# Directions for this task
Pictures in the entries below are to be left out; otherwise, reproduce exactly the lines from the first through the line containing "и скорей всего".
=== Section Start ===
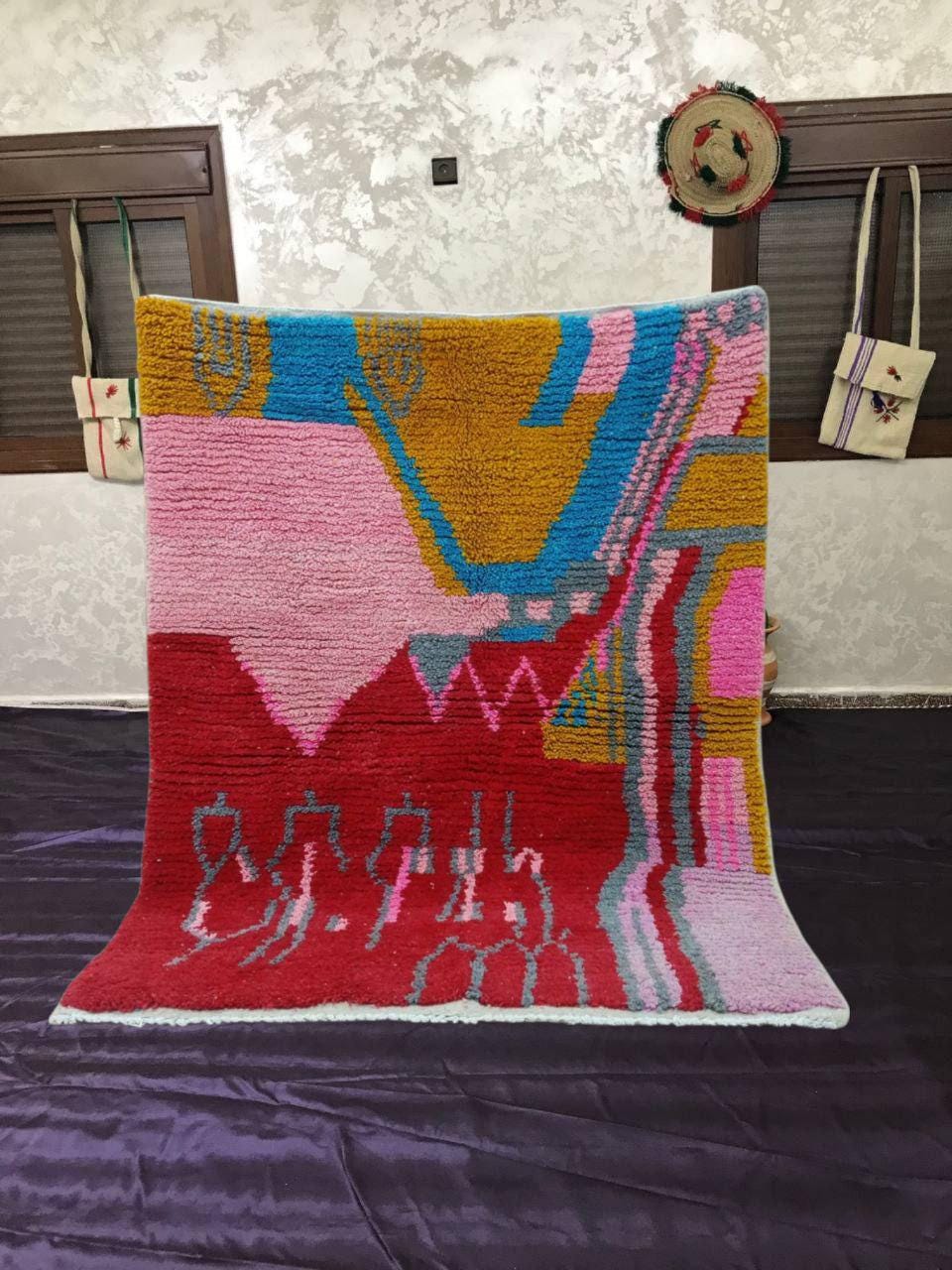 Handmade Red & Pink Moroccan Berber Wool Rug - Amazigh Design,orange and pink rug,colored rug,200x300 cm Area Rug
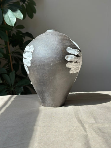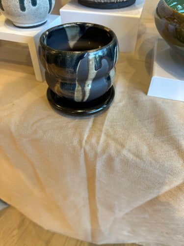 Hand carved charcoal and white planter
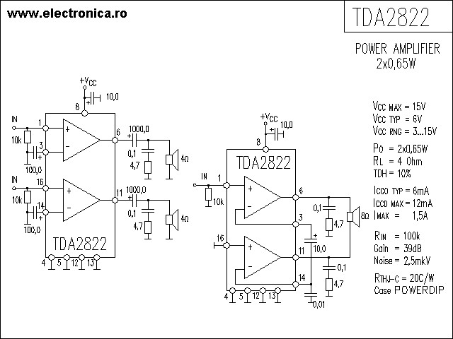 и скорей всего микра бракованоя, среди TDA2822 не редкость.
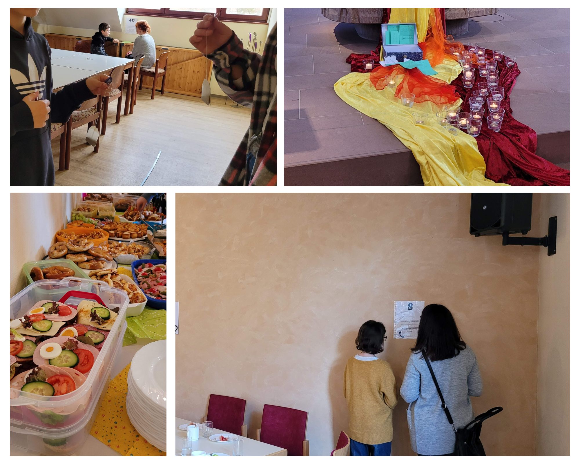 Gestärkt durch ein äußerst reichhaltiges Mitbringbuffet erkundeten sie gemeinsam 40 solcher Stationen rund um das KDH und in der nahegelegenen Pfarrkirche von Bischofsheim. Dabei gingen die Gespräche zwischen Firmlingen und Paten über Gott und die Welt weiter. Eindrücklich waren dann auch die Stationen, an denen sich die Firmlinge in die besonderen Elementen des Firmgottesdienstes einfühlen konnten. Sie durften sich etwa mit der bevorstehenden Salbung durch den Bischof vertraut machen, indem sie sich mit Creme ein Kreuz auf die Stirn zeichneten. Doch es ging auch lustig zu, wenn beispielsweise Firmlinge und Paten darum wetteiferten, wer mit dem Mund einen Teebeutel weiter werfen könnte. Gemeindereferentin Evi Warnke und Pastoralreferent Johannes Krebs hielten sich während der 90 Minuten dauernden Stationenzeit dezent im Hintergrund und ließen die 30 Firmlinge mit ihren Paten auf Entdeckungsreise gehen. Den Abschluss des Tages bildete ein Gottesdienst in der Kirche. Dort legten die Paten den Firmlingen die Hände auf die Schultern und machten ihnen deutlich: wir stehen hinter euch und stärken euch den Rücken. Die Firmlinge durften dabei auch einen ganz persönlichen Wunsch der Paten mitnehmen, den sie ihnen ins Ohr flüsterten. Wir wünschen allen einen wunderbaren Firmtag und Gottes reichen Segen für ihren Lebensweg.
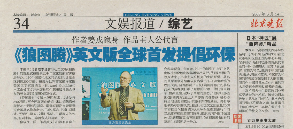 | 2007年 | 媒体对《狼图腾》获亚洲文学大奖的报道 |
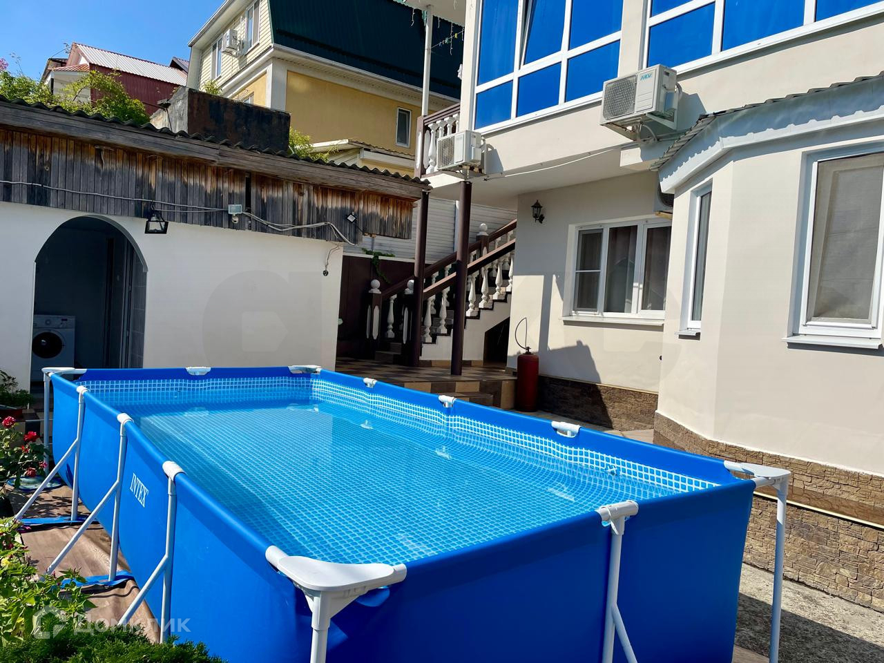Во дворе установлен бассейн.
=== Section End ===
# Task result
 Handmade Red & Pink Moroccan Berber Wool Rug - Amazigh Design,orange and pink rug,colored rug,200x300 cm Area Rug
 Hand carved charcoal and white planter
 и скорей всего микра бракованоя, среди TDA2822 не редкость.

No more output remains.